> _RECORDED DATA_:
[Start of Attachment]
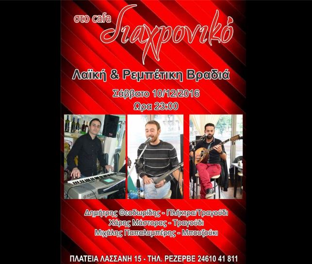 Λαϊκή και Ρεμπέτικη βραδιά στο cafe Διαχρονικό στην Κοζάνη, το Σάββατο 10 Δεκεμβρίου.
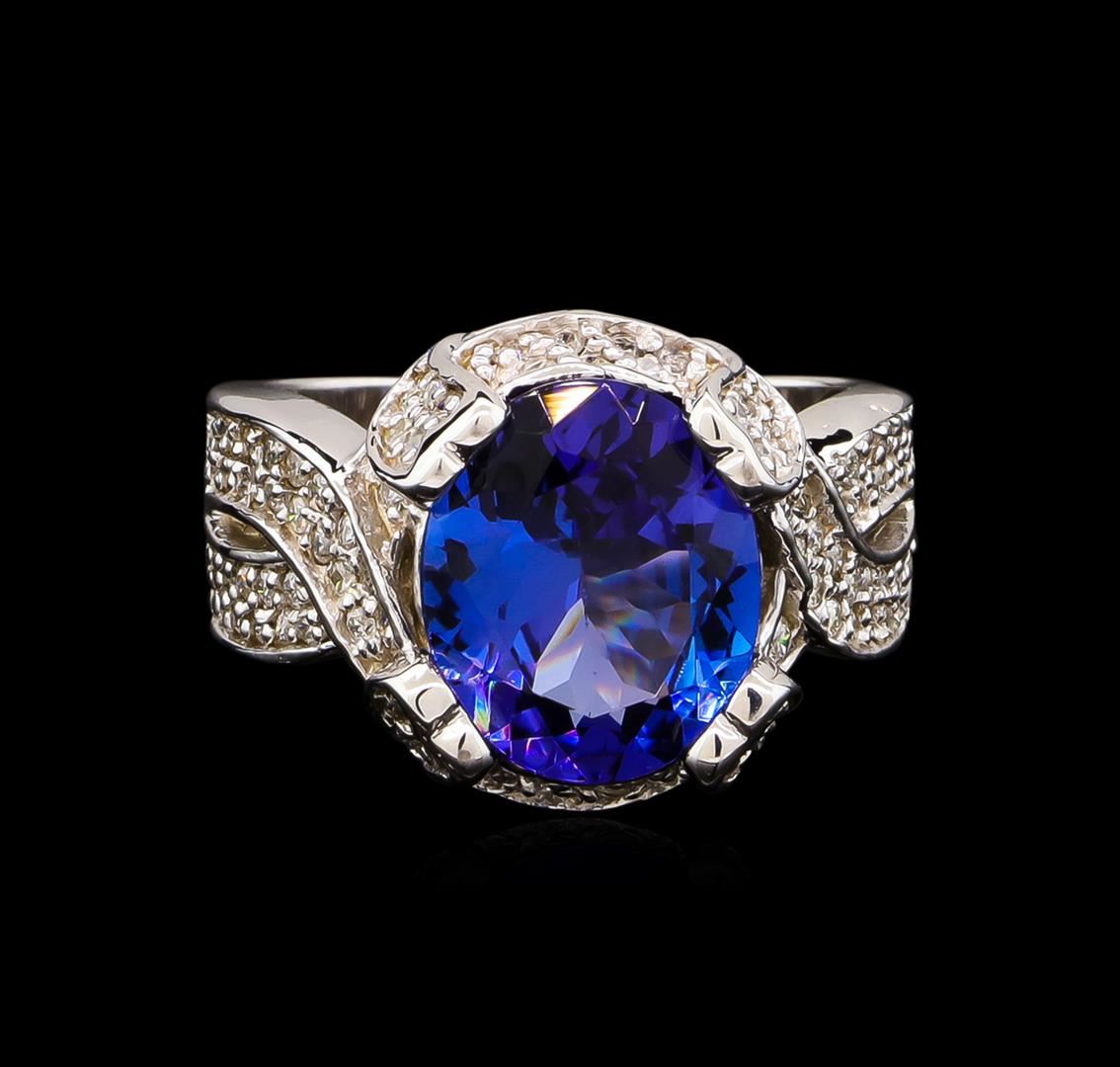 One electronically tested 14KT white gold lady's cast fashion ring with a crossover bypass shank with a bright polish finish. The featured lady's ring has a shank measuring 4.30 millimeters wide. Identified with markings of "14K". Condition is new, good workmanship. Containing: One prong set oval modified brilliant cut natural tanzanite, measuring 11.86 x 9.91 x 5.31mm, approximate weight of 4.20ct., clarity is eye clean, type I, medium dark, moderately strong, violetish blue color, (GIA vB 6/4), cut is very good. Transmitting light with no distortion, transparent. Colored gemstones are presumed to have been subjected to commonly used enhancement processes. Graded in the setting. Two prong set round brilliant cut diamonds, measuring 1.60 - 1.50 x 0.96mm (depth est.) approximate total weight of 2 Stones = 0.03ct. Graded in the setting. Clarity: SI-1 to SI-2. Color: G - H. Cut Good Eighty-Six prong set round brilliant cut diamonds, measuring 1.25 - 1.20 x 0.74mm (depth est.) approximate total weight of 86 Stones = 0.56ct. Graded in the setting. Clarity: SI-1 to SI-2. Color: G - I. Cut Good. Total Weight of Colored Stones 4.20ct. Total Weight of Diamonds 0.59ct. Total Weight of Ring 8.90gm. GAS Appraised at $10,705.00.
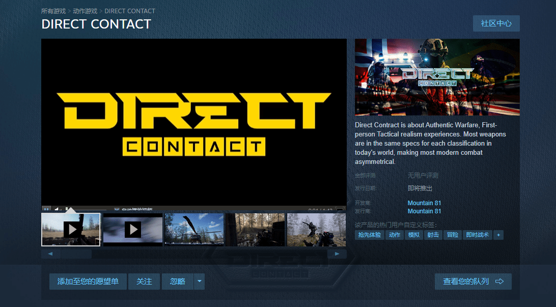 本作将于12 月13日在Steam平台开启抢-先体-验,因此玩家们到时候前往Steam平台即可下载游玩到这款射击游戏,《DirectContact》不仅体现了真实战争的精髓,而且还提供给玩家们第一人称战术现实主义体验,让大家沉浸在现代战斗的中心。
[End of Attachment]
> _TASK DIRECTIONS_: Nothing but the pictures should be left out when the listing is repeated exactly.

> _EXERCISE SOLUTION_:
 Λαϊκή και Ρεμπέτικη βραδιά στο cafe Διαχρονικό στην Κοζάνη, το Σάββατο 10 Δεκεμβρίου.
 One electronically tested 14KT white gold lady's cast fashion ring with a crossover bypass shank with a bright polish finish. The featured lady's ring has a shank measuring 4.30 millimeters wide. Identified with markings of "14K". Condition is new, good workmanship. Containing: One prong set oval modified brilliant cut natural tanzanite, measuring 11.86 x 9.91 x 5.31mm, approximate weight of 4.20ct., clarity is eye clean, type I, medium dark, moderately strong, violetish blue color, (GIA vB 6/4), cut is very good. Transmitting light with no distortion, transparent. Colored gemstones are presumed to have been subjected to commonly used enhancement processes. Graded in the setting. Two prong set round brilliant cut diamonds, measuring 1.60 - 1.50 x 0.96mm (depth est.) approximate total weight of 2 Stones = 0.03ct. Graded in the setting. Clarity: SI-1 to SI-2. Color: G - H. Cut Good Eighty-Six prong set round brilliant cut diamonds, measuring 1.25 - 1.20 x 0.74mm (depth est.) approximate total weight of 86 Stones = 0.56ct. Graded in the setting. Clarity: SI-1 to SI-2. Color: G - I. Cut Good. Total Weight of Colored Stones 4.20ct. Total Weight of Diamonds 0.59ct. Total Weight of Ring 8.90gm. GAS Appraised at $10,705.00.
 本作将于12 月13日在Steam平台开启抢-先体-验,因此玩家们到时候前往Steam平台即可下载游玩到这款射击游戏,《DirectContact》不仅体现了真实战争的精髓,而且还提供给玩家们第一人称战术现实主义体验,让大家沉浸在现代战斗的中心。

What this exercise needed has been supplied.